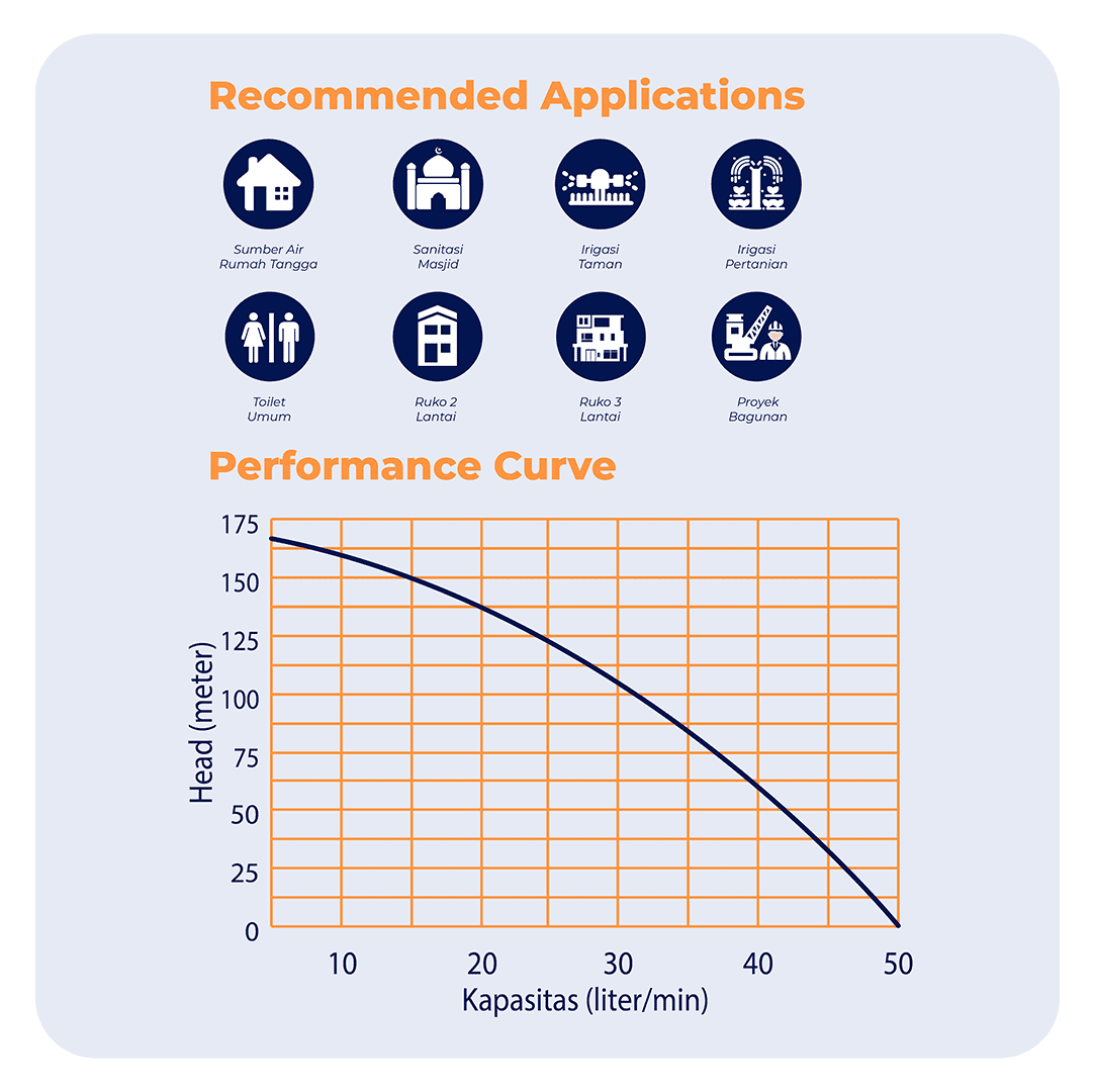 SS-428K BIT memiliki Total Head maksimal 168 meter. Disaat head 158 meter, debit air yang dihasilkan 10 Liter/Menit dan pada saat head 116 meter, debit air yang dihasilkan 30 Liter/Menit serta saat head 28 meter, debit air yang dihasilkan 50 Liter/Menit.
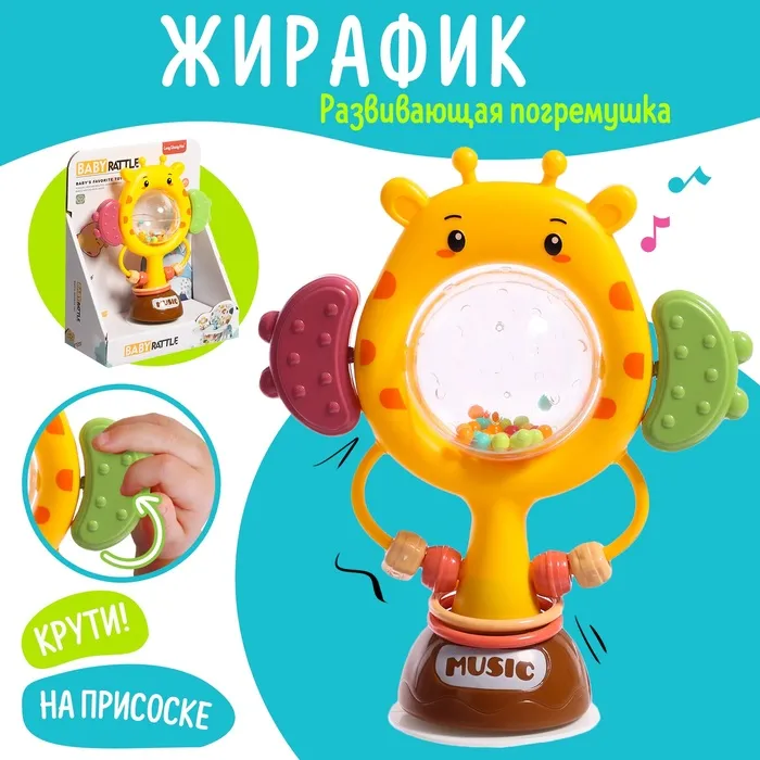 Игрушка помогает малышу совершенствовать координацию движений, исследовать текстуры и звуки. Яркие цвета способствуют формированию цветовосприятия, а взаимодействие с движущимися элементами тренирует реакцию и внимание. Используя присоску, родители могут удобно закрепить игрушку, чтобы ребёнок играл, оставаясь в одном месте.
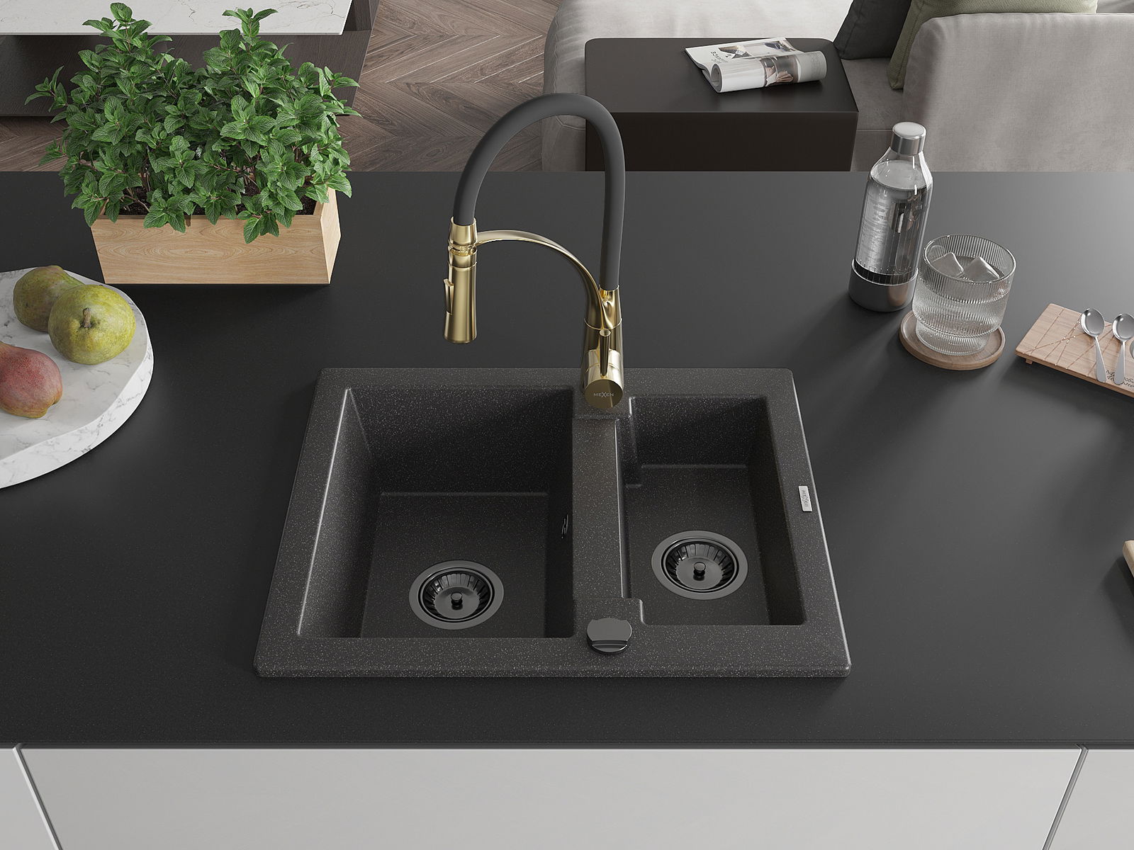 Mexen Carlos гранитна мивка 1,5-камерна с кухненски смесител Aster, черно напрашено - 6518-76-73450-57-B
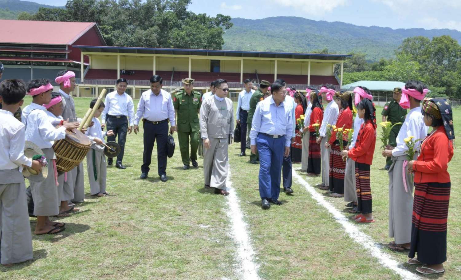 ဦးစွာ နိုင်ငံတော်စီမံအုပ်ချုပ်ရေးကောင်စီဥက္ကဋ္ဌ နိုင်ငံတော်ဝန်ကြီးချုပ်နှင့် အဖွဲ့ဝင်များသည် ဓနုကိုယ်ပိုင်အုပ်ချုပ်ခွင့်ရဒေသ ပင်းတယမြို့သို့ ရောက်ရှိကြရာ ဓနုကိုယ်ပိုင်အုပ်ချုပ်ခွင့်ရဒေသစီမံအုပ်ချုပ်ရေးအဖွဲ့ဥက္ကဋ္ဌ ဦးအာကာလင်းနှင့် အဖွဲ့ဝင်များ၊ ဒေသခံတိုင်းရင်းသားများက ရိုးရာအိုးစည်များဖြင့် လှိုက်လှဲနွေးထွေးစွာ ကြိုဆိုနှုတ်ဆက်ကြသည်။
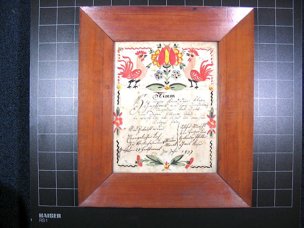 Coqs et fleurs dans les angles partie haute, couleur dominante rouge, texte manuscrit, 1897.
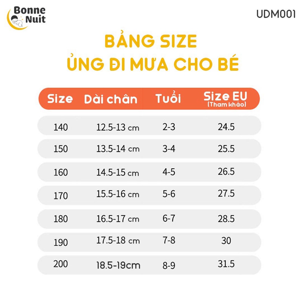 ✅ ỦNG ĐI MƯA: ⭐️ Chất liệu: Nhựa EVA siêu nhẹ, siêu mềm, siêu dẻo giúp bé đi lại thoải mái, chống trơn trượt, an toàn tuyệt đối trong trời mưa. ⭐️ Giày nhẹ cân và mang không bị gò bó, có phần dây rút, có thể điều chỉnh cho phù hợp với chân bé. ⭐️ Phần mũi giày có thiết kế hình gấu nổi vô cùng đáng yêu, làm điểm nhấn thêm cho đôi giày của bé. ⭐️ Bảng size: Full size cho bé chân từ 12.5cm - 18cm
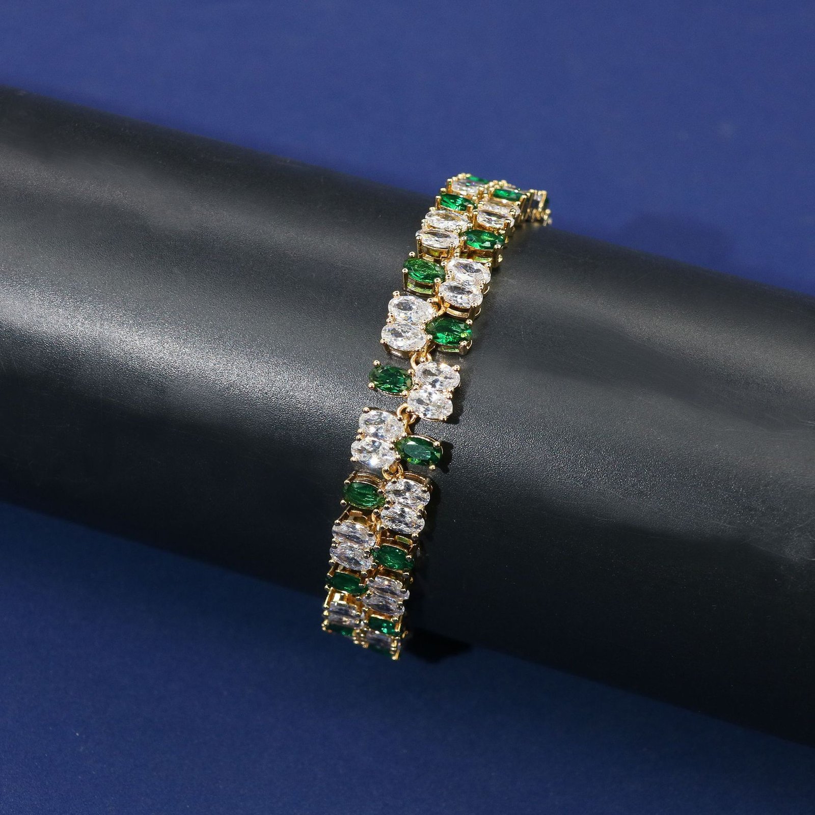 Elevate your jewelry collection with this Luxury Emerald & Red Corundum Zircon Bracelet — a refined piece that merges vibrant gemstone‑inspired accents with sparkling zircon stones for a statement look. Designed to reflect European and American fashion aesthetics, this bracelet showcases rich green and warm red tones that bring color and charm to any outfit.
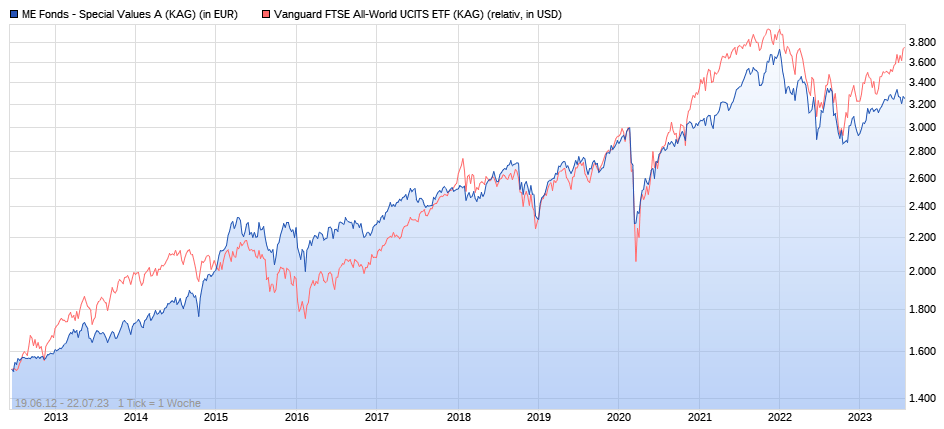 Gebührenstruktur: Wie bei vielen Fonds ist die Gebührenstruktur ein wichtiger Aspekt, den Anleger berücksichtigen sollten. Hohe Verwaltungsgebühren können die langfristige Performance erheblich belasten, besonders bei einem Fonds, der bereits durch eine volatilere Entwicklung gekennzeichnet ist. Der ME Fonds – Special Values A weist eine Managementgebühr auf, die im Vergleich zu passiven Anlagestrategien eher hoch sein könnte. Anleger sollten sich dieser Kosten bewusst sein und deren Einfluss auf die Rendite berücksichtigen.
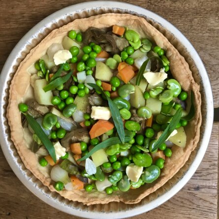 Menus du Vendredi 3 mai 2024 Fèves, petits pois, artichauts violets, 1 carotte, 2 petites pommes de terre, 4 oignons nouveaux. Hop au four! Déjeuner Soupe de cosses suite (le reste: au congélateur) Œuf à la coque Fraises Dîner Tarte aux légumes comme Alice Toklas (pâte achetée: la mienne est meilleure) Pâté de campagne suite et fin, cornichons Melon Galia
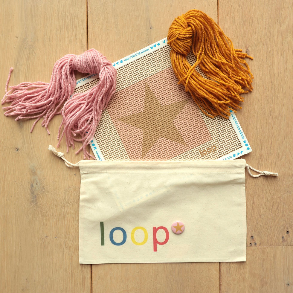 Our loop beginner kits come in a 7 mesh canvas that is perfect for new needlepointers and very fun to stitch. It's great for beginners, but we find that expert loopers love them just as much if not more than our 10 mesh originals.
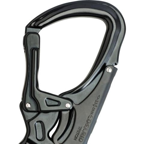 Kevyt kaksitoimisella automaattilukituksella varustettu vahva alumiinikiinnitin 25 mm portin avaumalla. Mahdollistaa yhdellä kädellä käyttäen helpon kiinnittymisen halkaisijaltaan erilaisiin rakenteisiin ja ankkuripisteisiin.
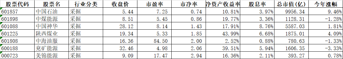 7家采掘业里,很明显市净率最低的中国石油今年涨的最好,虽然不是线性的,但今年的涨幅和市净率之间的相关度高达-43.43%。
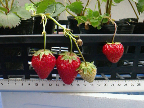 イチゴの収穫をしました。収穫できたのはこの3つです。甘くておいしかったで~す(*^o^*) 。しかし実はこの収穫したイチゴは、バックアップ用にポリポットに植えているもの。本番のプランタ植えのイチゴはというと、、、、時に一番下の写真の株は、せっかくたくさん実をつけようとしているのに、芯止まりしてしまって、新しい葉が一枚も出てこないのです。これでは美味しいイチゴは期待できません(T_T)やっぱり葉の調子が悪くまともな葉が付いていません(T_T)で、多くの株が、まともに実が付いていないんです。どうも今年もダニ被害のような、、、今年は「粘着くん」が効かないみたいなんです。アルコールでも蒔いてみようかな、ファブ○ーズが効果あるのなら、アルコールで行けそうなんですが?????かなりひどい状況ではあるのですが、3品種ある中で、章姫が割と調子よいです。今日収穫した大きい方は章姫です。2枚目の写真の株も章姫です。
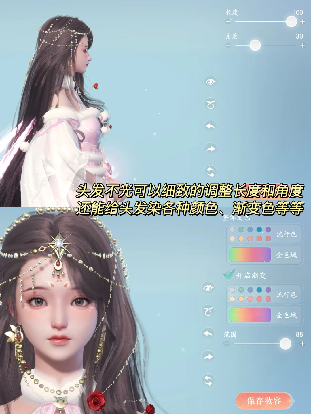 💓捏完脸还有超多妆容可选,在游戏里化了一下午妆,根本停不下来;发型部分除了常见的渐变染发之外,我们还可以改变发型的长短,以及它飞扬的角度!
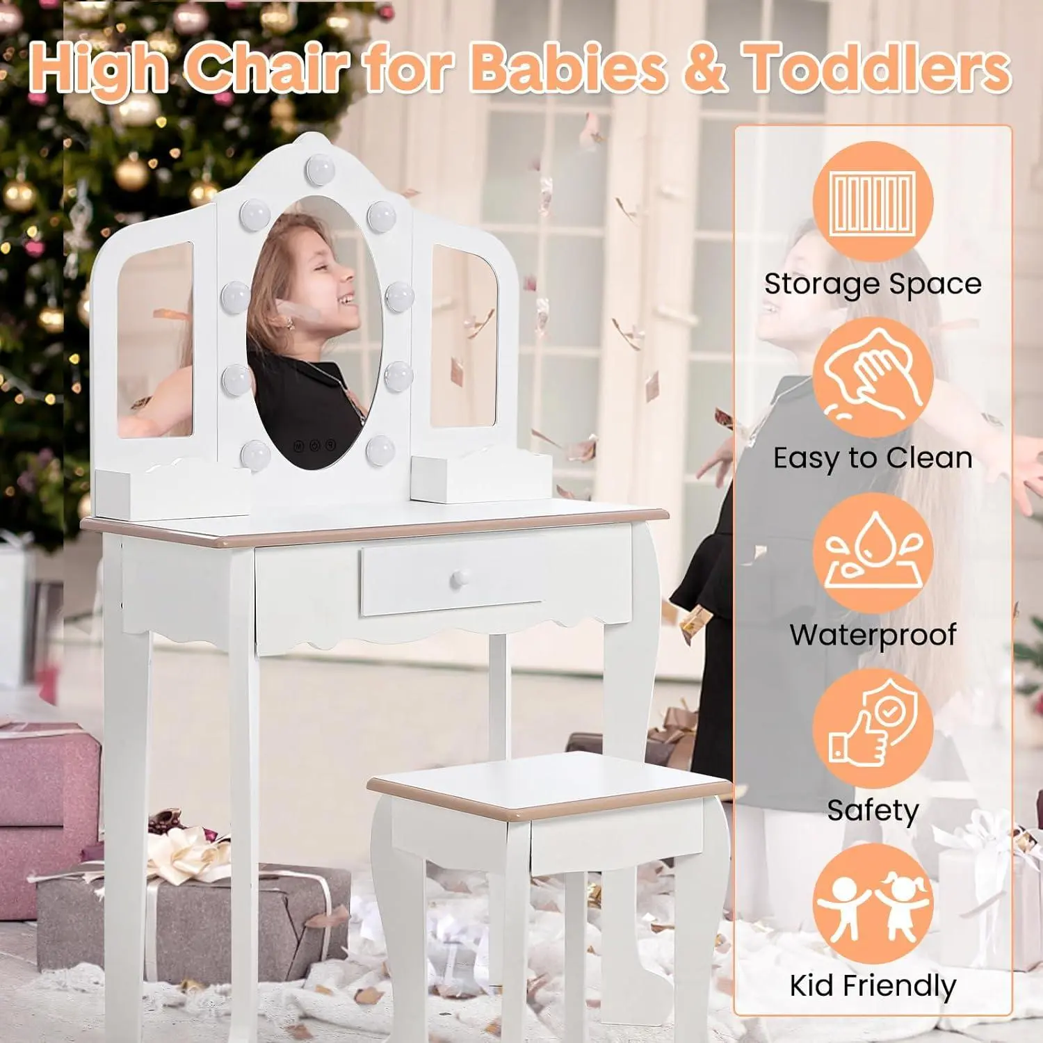·Storage Drawer & Grids: The vanity includes a storage drawer and grids, holding makeup, toys, and books. It keeps the tabletop neat and organized. The MDF is safe and durable with round edges, ASTM & CPSIA certified for child safety.
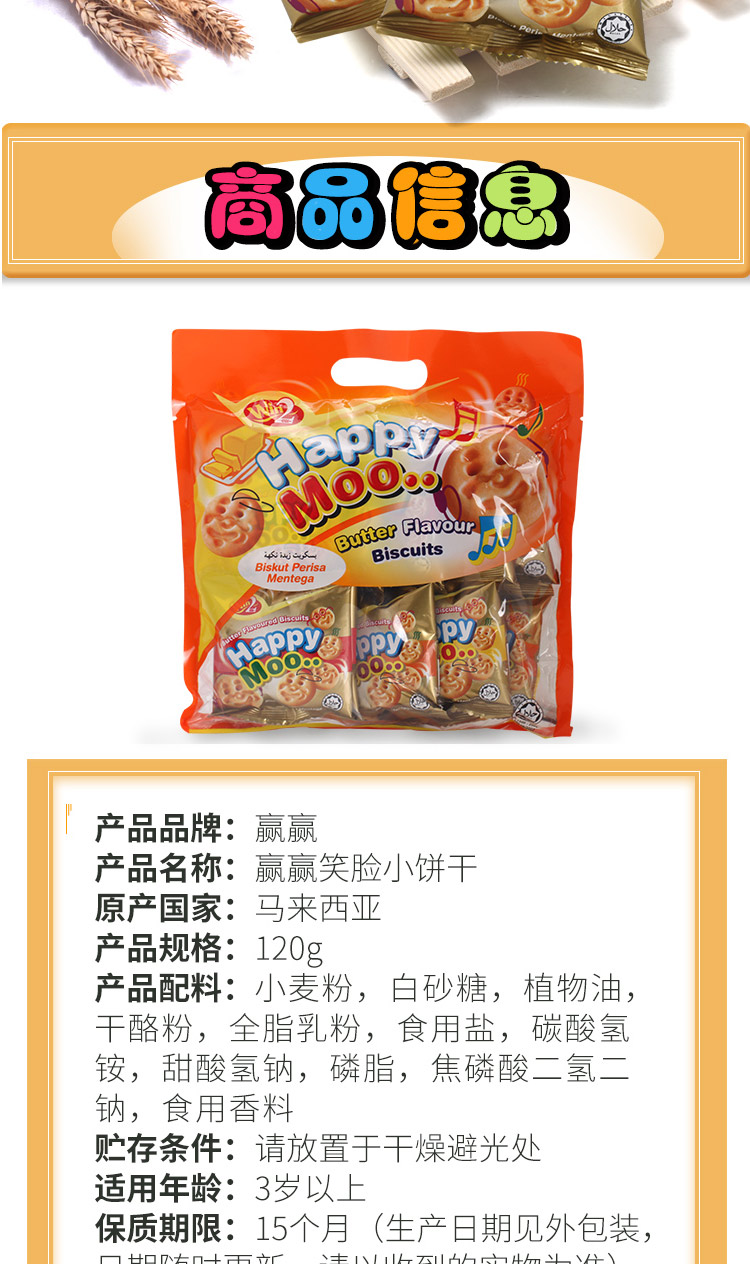 马来西亚 赢赢Win2 黄油曲奇笑脸饼干120g/袋
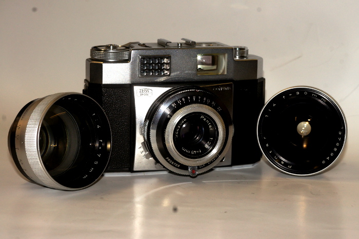 Aufstecksucher habe ich zwei andere: einen für den russischen Leica-Nachbau FED, der wie eine Rvolvertrommel aussieht für 5 Brennweiten und einen für eine Voigtländer Sucherkamera mit (Ich weiß nicht welche, es steht drauf "Voigltänder Turnit 3") 35, 50 und 100mm.
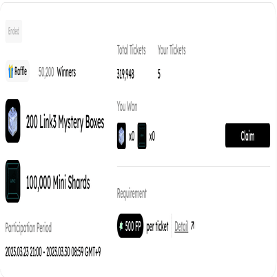 Yuliverseの箱で儲かったので、他の箱はないか、と思ってLink3の箱をMintしまくるために、チケットを500アカx4くらい錬成しましたが、BANされたため純粋に損しました。
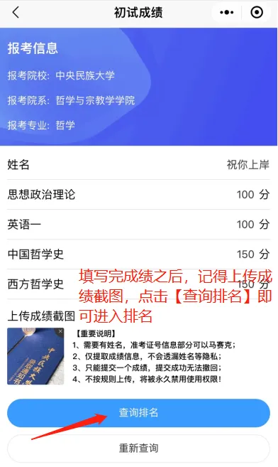 3️⃣点击查询排名即可显示相关信息。
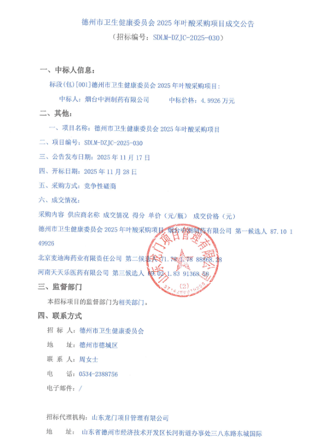 【德州市卫生健康委员会】山东省德州市卫生健康委员会2025年叶酸采购项目成交公告
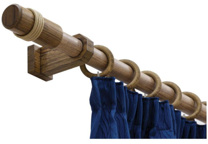 28 mm vastag tömröfa rúdkarnis szett - rustical színben A szett tartalma: - 1 db 28 mm-es fa rúdkarnis a kiválasztott hosszban, rustical színben (150 cm, 200 cm vagy 250 cm) - 2 db fa végzáró zsinórral díszítve - 2 db szimpla fa karnis tartó, mely szerelhető oldalfalra vagy mennyezetre is (hossza: kb. 11 cm; a függöny síkja a faltól mérve kb. 9 cm-re esik). A 250 cm-es karnishoz 3 db tartó jár! - fa karikák műanyag ráncszedő kampóval a karnis hosszának megfelelően 10 cm-ként (fém karniscsipesz külön vásárolható hozzá)
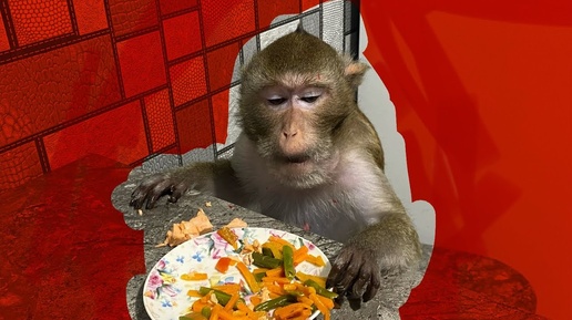 Лосось и овощи для макаки

════

What lines above run from the one with "12.5cm - 18cm" to the one with "Elevate your jewelry"? Give them again exactly, ends included, and leave the pictures out.

YOUR SOLUTION:
 ✅ ỦNG ĐI MƯA: ⭐️ Chất liệu: Nhựa EVA siêu nhẹ, siêu mềm, siêu dẻo giúp bé đi lại thoải mái, chống trơn trượt, an toàn tuyệt đối trong trời mưa. ⭐️ Giày nhẹ cân và mang không bị gò bó, có phần dây rút, có thể điều chỉnh cho phù hợp với chân bé. ⭐️ Phần mũi giày có thiết kế hình gấu nổi vô cùng đáng yêu, làm điểm nhấn thêm cho đôi giày của bé. ⭐️ Bảng size: Full size cho bé chân từ 12.5cm - 18cm
 Elevate your jewelry collection with this Luxury Emerald & Red Corundum Zircon Bracelet — a refined piece that merges vibrant gemstone‑inspired accents with sparkling zircon stones for a statement look. Designed to reflect European and American fashion aesthetics, this bracelet showcases rich green and warm red tones that bring color and charm to any outfit.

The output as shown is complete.